Staatspreis Baukultur 2024
© Martin Stollberg

Beznerturm in Ravensburg

Aus der Jury:  „Die sorgfältige Abwägung von Erhalt und Erneuerung, von funktionaler Anpassung und ästhetischer Aufwertung, zeugt von einem tiefen Verständnis für die Bedeutung des Gebäudes und seines städtischen Umfelds.“

Preisträger in der Sparte Wohnungsbau

In Ravensburg wurde von einer Baugemeinschaft das Verwaltungsgebäude einer Maschinenbaufabrik aus den 1950er Jahren umgebaut und aufgestockt. Der Neubau ist Teil der Gesamtentwicklung des 1,1 ha großen Bezner-Areals, für das ein städtebaulicher Wettbewerb durchgeführt wurde. Seither werden die verschiedenen Einzelmaßnahmen realisiert, wie beispielsweise Wohnbauten, Umbau und Umnutzung der Fabrikhalle von 1901 sowie therapeutische Werkstätten. Vor dem Umbau hatte der ursprünglich fünfgeschossige Baueine verputzte, regelmäßige Lochfassade mit rechteckigen Fenstern und ein flach geneigtes Zeltdach. Ein einseitig leicht verdrehtes Dachgeschoss in Holzbauweise wurde als sechstes Geschoss aufgesetzt und die Westfassade wurde um etwa drei Meter vorverlegt, um zusätzlichen Raum zu schaffen.

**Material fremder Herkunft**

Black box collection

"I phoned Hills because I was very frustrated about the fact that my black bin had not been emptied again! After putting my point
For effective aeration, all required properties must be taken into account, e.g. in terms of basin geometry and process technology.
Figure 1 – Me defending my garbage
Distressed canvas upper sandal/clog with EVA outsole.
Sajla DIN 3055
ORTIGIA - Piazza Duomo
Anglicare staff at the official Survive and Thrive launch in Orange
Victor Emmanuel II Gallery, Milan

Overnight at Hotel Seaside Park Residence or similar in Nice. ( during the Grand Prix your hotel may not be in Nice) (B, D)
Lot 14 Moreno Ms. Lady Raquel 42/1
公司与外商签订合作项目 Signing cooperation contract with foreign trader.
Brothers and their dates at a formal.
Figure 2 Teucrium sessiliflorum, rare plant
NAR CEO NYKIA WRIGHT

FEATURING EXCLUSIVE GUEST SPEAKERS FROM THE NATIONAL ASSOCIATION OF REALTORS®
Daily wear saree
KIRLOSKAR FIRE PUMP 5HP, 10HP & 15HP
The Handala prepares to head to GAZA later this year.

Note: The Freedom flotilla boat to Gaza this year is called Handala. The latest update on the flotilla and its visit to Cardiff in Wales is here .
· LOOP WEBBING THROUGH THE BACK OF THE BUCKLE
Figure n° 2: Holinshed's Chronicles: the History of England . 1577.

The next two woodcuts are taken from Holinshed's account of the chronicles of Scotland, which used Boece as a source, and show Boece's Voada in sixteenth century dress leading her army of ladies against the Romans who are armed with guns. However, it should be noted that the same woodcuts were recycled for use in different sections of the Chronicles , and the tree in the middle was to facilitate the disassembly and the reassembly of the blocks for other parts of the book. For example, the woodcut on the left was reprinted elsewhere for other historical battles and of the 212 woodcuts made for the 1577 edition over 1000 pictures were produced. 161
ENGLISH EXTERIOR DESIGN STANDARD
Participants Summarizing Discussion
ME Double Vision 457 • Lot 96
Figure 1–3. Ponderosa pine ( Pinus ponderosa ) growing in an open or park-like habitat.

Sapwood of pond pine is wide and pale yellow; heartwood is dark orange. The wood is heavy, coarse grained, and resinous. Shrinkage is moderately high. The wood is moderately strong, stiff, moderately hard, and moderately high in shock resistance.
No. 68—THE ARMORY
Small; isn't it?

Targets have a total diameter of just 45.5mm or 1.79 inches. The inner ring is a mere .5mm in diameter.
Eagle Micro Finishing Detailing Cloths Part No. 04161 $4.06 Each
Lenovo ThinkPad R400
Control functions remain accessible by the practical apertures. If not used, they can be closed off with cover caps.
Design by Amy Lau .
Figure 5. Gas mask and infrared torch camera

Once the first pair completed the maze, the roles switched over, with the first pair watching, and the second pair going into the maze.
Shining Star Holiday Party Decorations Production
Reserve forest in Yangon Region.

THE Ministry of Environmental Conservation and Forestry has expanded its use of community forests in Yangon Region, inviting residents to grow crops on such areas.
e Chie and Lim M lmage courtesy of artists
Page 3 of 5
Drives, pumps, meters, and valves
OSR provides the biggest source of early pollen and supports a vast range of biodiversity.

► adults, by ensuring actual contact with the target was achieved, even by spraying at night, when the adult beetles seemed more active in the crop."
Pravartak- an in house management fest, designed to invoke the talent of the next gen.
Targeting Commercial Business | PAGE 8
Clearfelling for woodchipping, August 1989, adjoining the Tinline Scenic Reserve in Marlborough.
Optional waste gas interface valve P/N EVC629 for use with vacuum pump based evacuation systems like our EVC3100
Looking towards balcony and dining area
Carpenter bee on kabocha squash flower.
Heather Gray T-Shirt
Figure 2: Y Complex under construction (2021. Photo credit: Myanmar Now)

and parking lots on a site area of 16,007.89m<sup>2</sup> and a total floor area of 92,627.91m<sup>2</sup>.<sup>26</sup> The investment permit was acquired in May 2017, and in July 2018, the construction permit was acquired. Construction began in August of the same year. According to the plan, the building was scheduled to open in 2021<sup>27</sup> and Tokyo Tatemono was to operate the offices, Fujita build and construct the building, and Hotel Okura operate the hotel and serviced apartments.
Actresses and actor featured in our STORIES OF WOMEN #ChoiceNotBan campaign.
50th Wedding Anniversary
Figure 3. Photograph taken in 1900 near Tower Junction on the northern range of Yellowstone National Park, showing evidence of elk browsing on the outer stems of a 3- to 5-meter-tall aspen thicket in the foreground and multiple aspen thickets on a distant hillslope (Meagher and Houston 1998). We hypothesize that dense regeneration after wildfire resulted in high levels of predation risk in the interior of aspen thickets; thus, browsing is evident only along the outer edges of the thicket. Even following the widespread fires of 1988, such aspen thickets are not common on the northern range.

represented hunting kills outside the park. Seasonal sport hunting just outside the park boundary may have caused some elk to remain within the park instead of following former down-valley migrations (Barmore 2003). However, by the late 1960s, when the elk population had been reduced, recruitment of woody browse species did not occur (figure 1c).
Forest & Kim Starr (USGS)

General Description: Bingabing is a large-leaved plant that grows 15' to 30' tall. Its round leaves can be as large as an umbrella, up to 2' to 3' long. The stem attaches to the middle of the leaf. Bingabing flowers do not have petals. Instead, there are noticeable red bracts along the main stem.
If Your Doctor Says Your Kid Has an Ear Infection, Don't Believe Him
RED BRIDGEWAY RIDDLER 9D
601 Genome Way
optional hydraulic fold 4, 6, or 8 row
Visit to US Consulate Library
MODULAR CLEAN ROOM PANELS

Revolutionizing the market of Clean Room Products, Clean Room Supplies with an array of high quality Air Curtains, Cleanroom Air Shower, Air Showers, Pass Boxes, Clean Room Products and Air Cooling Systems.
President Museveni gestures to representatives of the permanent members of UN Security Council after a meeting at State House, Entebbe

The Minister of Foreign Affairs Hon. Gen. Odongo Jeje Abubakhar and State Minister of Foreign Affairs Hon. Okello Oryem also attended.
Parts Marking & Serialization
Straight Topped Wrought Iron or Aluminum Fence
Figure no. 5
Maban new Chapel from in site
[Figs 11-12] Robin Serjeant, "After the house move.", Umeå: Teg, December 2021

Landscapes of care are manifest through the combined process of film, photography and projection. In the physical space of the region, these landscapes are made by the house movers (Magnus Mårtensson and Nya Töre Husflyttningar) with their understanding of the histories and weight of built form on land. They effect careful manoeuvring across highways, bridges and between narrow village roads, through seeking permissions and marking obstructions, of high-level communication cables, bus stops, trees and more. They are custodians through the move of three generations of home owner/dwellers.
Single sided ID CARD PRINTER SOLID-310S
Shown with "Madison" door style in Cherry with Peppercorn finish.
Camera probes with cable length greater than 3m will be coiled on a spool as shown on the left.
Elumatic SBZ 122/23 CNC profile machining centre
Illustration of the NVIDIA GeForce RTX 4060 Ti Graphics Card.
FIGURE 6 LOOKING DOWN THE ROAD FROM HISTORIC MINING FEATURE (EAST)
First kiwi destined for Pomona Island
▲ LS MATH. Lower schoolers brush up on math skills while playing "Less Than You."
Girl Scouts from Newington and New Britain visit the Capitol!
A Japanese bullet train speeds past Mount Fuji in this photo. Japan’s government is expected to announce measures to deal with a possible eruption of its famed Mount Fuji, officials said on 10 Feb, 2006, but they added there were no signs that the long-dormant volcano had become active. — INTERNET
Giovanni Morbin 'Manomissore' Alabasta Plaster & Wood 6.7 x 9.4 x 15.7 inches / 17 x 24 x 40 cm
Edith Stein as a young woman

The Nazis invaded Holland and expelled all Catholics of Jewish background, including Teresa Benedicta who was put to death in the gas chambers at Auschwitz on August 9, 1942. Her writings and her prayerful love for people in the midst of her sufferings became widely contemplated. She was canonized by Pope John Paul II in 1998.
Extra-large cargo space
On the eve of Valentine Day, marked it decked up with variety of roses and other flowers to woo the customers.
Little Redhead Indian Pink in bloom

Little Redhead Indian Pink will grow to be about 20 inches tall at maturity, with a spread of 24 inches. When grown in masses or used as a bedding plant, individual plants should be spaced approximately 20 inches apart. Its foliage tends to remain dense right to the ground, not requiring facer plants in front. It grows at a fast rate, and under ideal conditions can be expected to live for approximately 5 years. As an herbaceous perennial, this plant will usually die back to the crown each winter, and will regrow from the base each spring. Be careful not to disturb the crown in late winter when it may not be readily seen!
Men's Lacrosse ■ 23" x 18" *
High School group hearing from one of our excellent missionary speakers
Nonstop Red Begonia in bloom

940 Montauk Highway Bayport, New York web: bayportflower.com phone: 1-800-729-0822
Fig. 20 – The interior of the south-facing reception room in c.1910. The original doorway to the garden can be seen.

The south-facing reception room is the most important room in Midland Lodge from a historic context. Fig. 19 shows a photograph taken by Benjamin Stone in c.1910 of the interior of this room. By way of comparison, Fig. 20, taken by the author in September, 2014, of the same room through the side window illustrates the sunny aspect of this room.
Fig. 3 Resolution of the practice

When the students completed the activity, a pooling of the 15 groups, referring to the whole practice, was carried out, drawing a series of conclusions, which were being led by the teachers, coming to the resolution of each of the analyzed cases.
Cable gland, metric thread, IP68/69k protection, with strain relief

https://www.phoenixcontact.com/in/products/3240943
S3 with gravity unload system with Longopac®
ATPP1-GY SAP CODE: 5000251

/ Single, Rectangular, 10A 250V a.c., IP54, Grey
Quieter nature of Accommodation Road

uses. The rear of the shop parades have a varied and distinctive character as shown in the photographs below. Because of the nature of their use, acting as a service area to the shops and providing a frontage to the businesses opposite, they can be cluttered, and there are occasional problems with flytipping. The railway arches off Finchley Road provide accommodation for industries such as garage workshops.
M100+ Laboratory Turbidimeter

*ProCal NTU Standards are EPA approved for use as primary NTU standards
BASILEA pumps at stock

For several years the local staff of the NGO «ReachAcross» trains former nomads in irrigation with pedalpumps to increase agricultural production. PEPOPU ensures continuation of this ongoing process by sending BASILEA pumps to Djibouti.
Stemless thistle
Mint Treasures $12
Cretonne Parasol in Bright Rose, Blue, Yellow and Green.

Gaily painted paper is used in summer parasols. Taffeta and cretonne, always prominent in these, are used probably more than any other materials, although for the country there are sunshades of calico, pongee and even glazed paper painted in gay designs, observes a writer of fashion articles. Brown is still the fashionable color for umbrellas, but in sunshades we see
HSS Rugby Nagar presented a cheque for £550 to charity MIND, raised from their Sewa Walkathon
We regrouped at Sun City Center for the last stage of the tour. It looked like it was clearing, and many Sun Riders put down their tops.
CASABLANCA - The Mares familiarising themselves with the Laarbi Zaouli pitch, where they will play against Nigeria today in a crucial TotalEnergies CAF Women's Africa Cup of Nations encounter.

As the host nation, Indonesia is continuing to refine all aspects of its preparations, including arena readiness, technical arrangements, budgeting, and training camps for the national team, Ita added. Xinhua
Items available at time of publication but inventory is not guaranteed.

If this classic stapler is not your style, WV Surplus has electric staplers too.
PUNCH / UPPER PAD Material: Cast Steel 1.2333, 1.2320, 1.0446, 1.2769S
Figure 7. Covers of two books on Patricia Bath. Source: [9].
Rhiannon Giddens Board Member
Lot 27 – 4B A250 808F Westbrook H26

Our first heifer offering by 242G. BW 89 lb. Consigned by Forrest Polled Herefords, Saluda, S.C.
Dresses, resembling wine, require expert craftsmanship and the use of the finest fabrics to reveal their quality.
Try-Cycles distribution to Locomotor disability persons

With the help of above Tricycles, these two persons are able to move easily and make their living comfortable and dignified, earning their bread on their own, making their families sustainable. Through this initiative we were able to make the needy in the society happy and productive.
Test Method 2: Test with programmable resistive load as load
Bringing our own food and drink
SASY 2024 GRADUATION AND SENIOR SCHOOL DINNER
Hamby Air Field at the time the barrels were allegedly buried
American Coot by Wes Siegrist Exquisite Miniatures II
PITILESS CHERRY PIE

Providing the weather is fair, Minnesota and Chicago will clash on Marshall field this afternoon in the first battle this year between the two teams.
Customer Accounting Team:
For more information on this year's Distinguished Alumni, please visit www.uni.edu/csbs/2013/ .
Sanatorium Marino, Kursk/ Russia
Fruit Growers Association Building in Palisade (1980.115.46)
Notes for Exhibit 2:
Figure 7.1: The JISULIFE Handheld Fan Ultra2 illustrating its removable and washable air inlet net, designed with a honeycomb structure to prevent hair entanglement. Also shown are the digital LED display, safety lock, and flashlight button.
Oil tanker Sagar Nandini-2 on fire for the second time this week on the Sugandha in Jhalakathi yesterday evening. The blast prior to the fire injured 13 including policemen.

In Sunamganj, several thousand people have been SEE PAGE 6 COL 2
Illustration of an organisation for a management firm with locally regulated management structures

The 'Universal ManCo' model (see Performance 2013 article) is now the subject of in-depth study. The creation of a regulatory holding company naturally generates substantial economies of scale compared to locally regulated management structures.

Das gesamte Gebäude ist nun mit beigefarbigem Klinker verkleidet und prägt durch seine Höhe und Farbe den Eingang des neugeschaffenen Stadtquartiers.

Die Fensteröffnungen wurden in Höhe und Breite vergrößert; die Stürze wurden – in Anlehnung an die benachbarte Fabrikhalle – teilweise mit Rund- bzw. Segmentbögen versehen. Der Anschluss des Beznerturms an den Baubestand geschieht über eine halbrunde konkave Fuge, in die später ein Baum gepflanzt wurde. Im Innern blieb die halbovale Treppe mit Terrazzostufen weitgehend unverändert, oberhalb des Bestandes wurde sie in Beton und mit neuem Terrazzo ergänzt. Die zehn neuen Wohneinheiten sowie die Gewerbeeinheit sind individuell aufgeteilt und unterschiedlich gestaltet.


Jury-Bewertung 

Mit dem Umbau und der Erweiterung des ehemaligen, in den 1950er Jahren erbauten, Verwaltungsgebäudes der Bezner Maschinenfabrik hat das Bezner-Areal eine bemerkenswerte Transformation durchlebt und eine neue Identität erhalten. Das vormals fünfgeschossige Gebäude plus Souterrain präsentierte sich vor dem Umbau mit einer verputzten, regelmäßigen Lochfassade und einem Zeltdach. Eine eingeschossige Aufstockung hat das Gebäude räumlich und funktionell erweitert, im Beznerturm sind nun zehn Wohn- und eine Gewerbeeinheit untergebracht. Das einseitig verdrehte Dachgeschoss markiert die erfolgte Aufstockung in Holzbauweise in der Silhouette. Die neu gestaltete Westfassade bildet einen lebendigen Raum mit Loggien, Terrassen und Zimmern. Im Bestandsbau vorhandene Kappendecken wurden von den abgehängten Verkleidungen befreit und sichtbar gemacht. Die gestalterische Entscheidung, die Öffnungen des Gebäudes zu vergrößern und mit Rund- bzw. Segmentbögen zu versehen, schafft eine ungewöhnliche Verbindung zwischen Alt und Neu. Der anspruchsvolle Anschluss an den Bestand gelingt über die halbrunde Baumfuge. Die Umgestaltung des Verwaltungsgebäudes stellt ein herausragendes Beispiel für ein Weiterbauen im historischen Kontext dar. Die sorgfältige Abwägung von Erhalt und Erneuerung, von funktionaler Anpassung und ästhetischer Aufwertung, zeugt von einem tiefen Verständnis für die Bedeutung des Gebäudes und seines städtischen Umfelds.